From: Dominique HazaŽl-Massieux <dom@w3.org>
Date: 27 Aug 2002 15:07:40 +0200
To: www-html@w3.org
Cc: karl@w3.org
Message-Id: <1030453662.10227.207.camel@stratustier>

Hi folks,

I've written some time ago an little XSLT to show what kind of semantics
an HTML document can have. It can help show how using HTML for structure
instead of presentation is a win-win for everybody.

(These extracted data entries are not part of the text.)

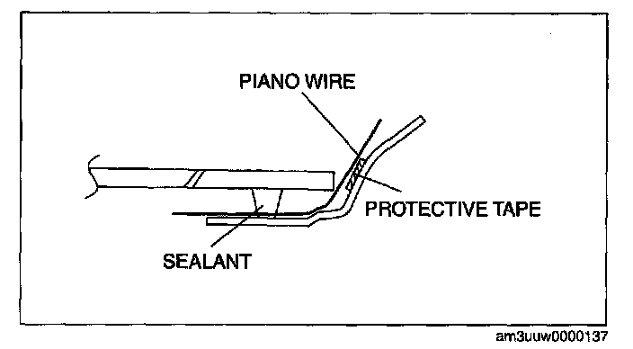 NOTE: As the upper part of the pin adheres to the sealant, cut it using the piano wire.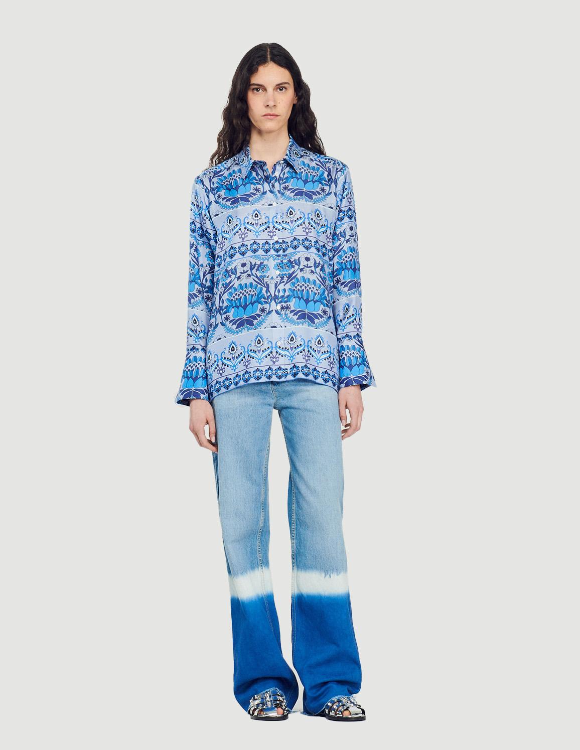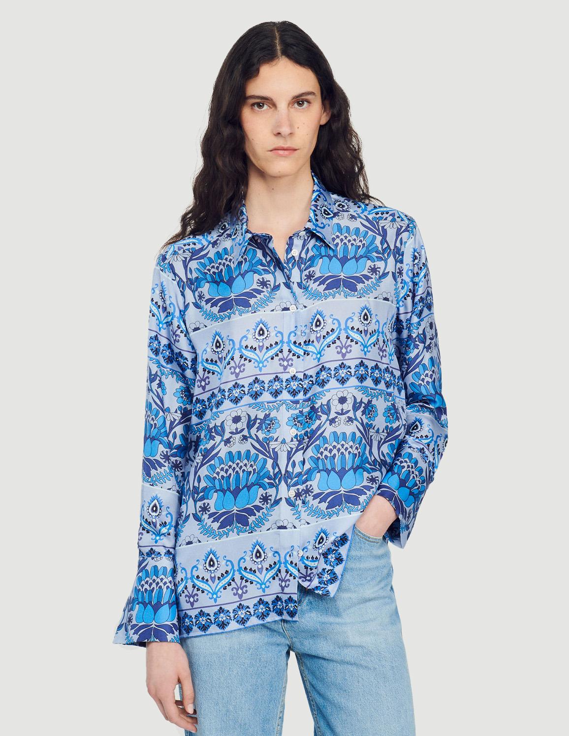 • Silk shirt decorated with scarf print, featuring long sleeves and a button fastening.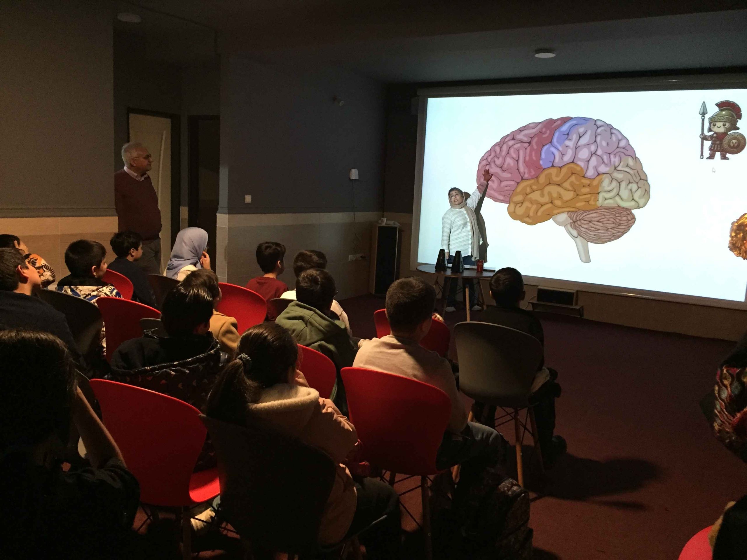 اتاق نمایش خانه دانش و چیدمانی از مغز و سیگنالهایش که به ابتکار حنانه اصغری و دکتر خالصیفرد در کنج اتاق نگاهها را خیره میکرد و هیجان انتظار برای کشف دنیای هیجانانگیز مغز، نخاع، نورونها و حواس را بالا میبرد.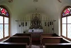 Der putzgegliederte Kapellenbau hat eine kleine eingezogene Apsis mit einem Dreiseitschluss. Über der rundbogige Portaltüre trägt das Satteldach einen Dachreiter. Die rundbogigen Fenster haben eine Holzmaßwerk. Das Kapelleninnere hat ein flaches Tonnengewölbe. Der neugotische Wimpergaltar trägt eine Figur der hl. Maria.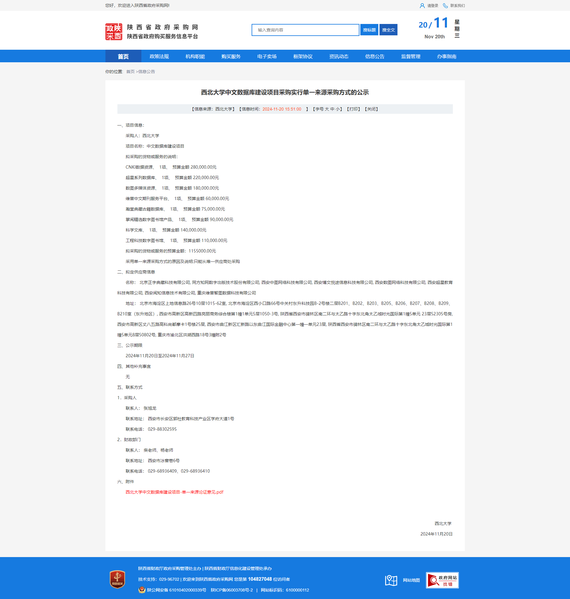 开云网页版登录入口中文数据库建设项目采购实行单一来源采购方式的公示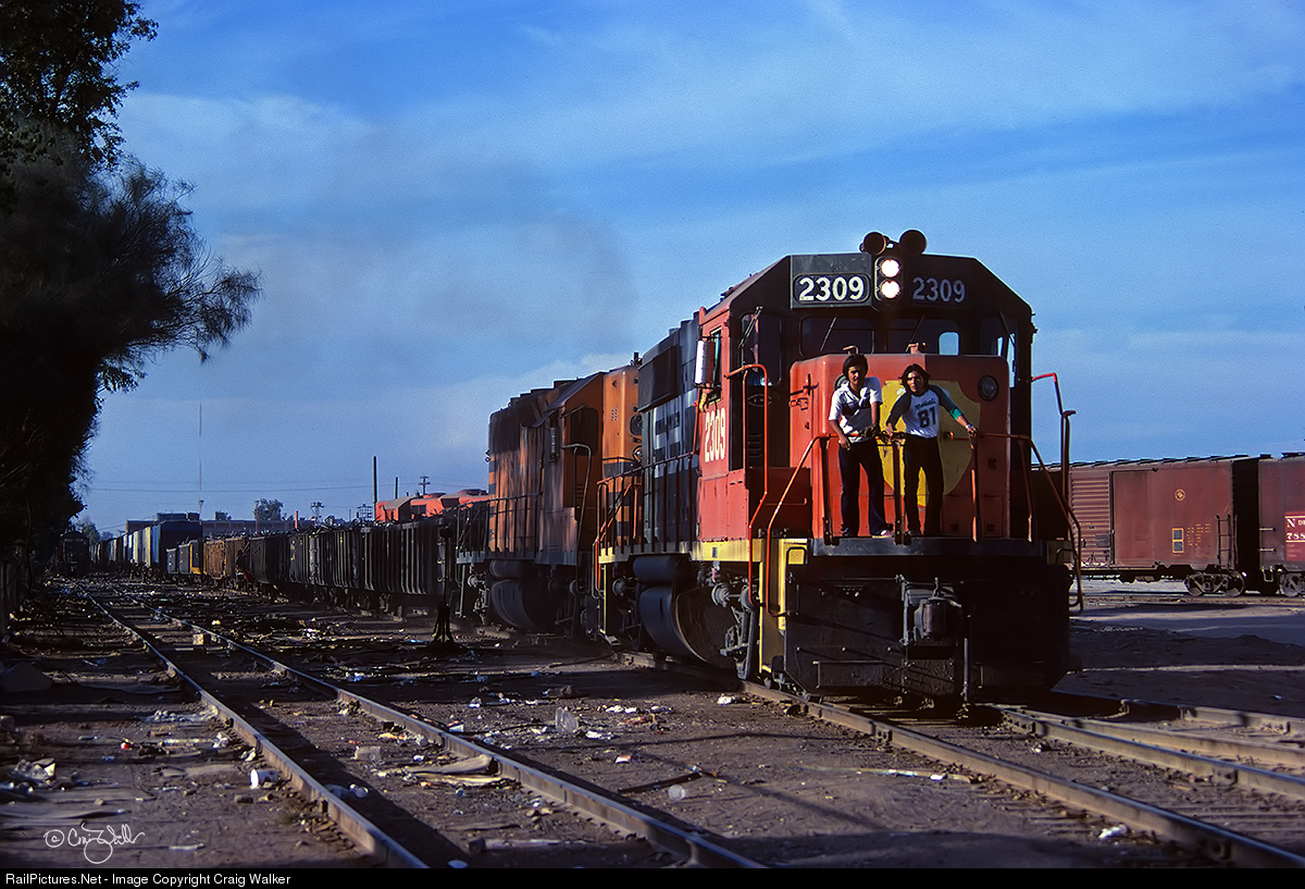 Un par de diésel Ferrocarril Sonora-Baja California cambiaron los vagón en el patio de la SBC en Mexicali, Baja California, el 14 de noviembre de 1981. Un par de SBC GP40-2s, 2309 de dos años y 2108 de nariz alta (construido en 1973), arrastre un corte de vagones de carga en esta ciudad fronteriza. En la frontera con los Estados Unidos (no mucho más lejos que la torre de radio en la distancia), el SBC se intercambia con el Ferrocarril Southern Pacífic. Tenga en cuenta que SBC 2309 usa los colores de Nacionales de México, lo que indica que la era de los ferrocarriles mexicanos independientes pronto se cerraría, cuando el SBD se absorbió en NdeM en 1987. (Otros ferrocarriles independientes en México se fusionaron con el NdeM en la década de 1980 también.)

I release it now
since XHTML 2.0 seems to present some clearer semantics than the
previous versions did.

It could be much improved of course, and I welcome any

The XSLT: http://www.w3.org/2002/08/extract-semantic.xsl

Examples of results:
* the HTML Activity:
* the Semantic Web Activity:
* the W3C Manual of Style:
* the W3C Quality Assurance Activity:
* a (not so) random personal web site:

Currently, the stylesheet detects the following semantics:
- generic metadata: title, description, contact, languages
- citations and quotes, with their source if provided (cite attribute)
- definitions marked with <dfn> and <dt>/<dd>
- the outline of the document when it uses correctly the h1/h2/h3/...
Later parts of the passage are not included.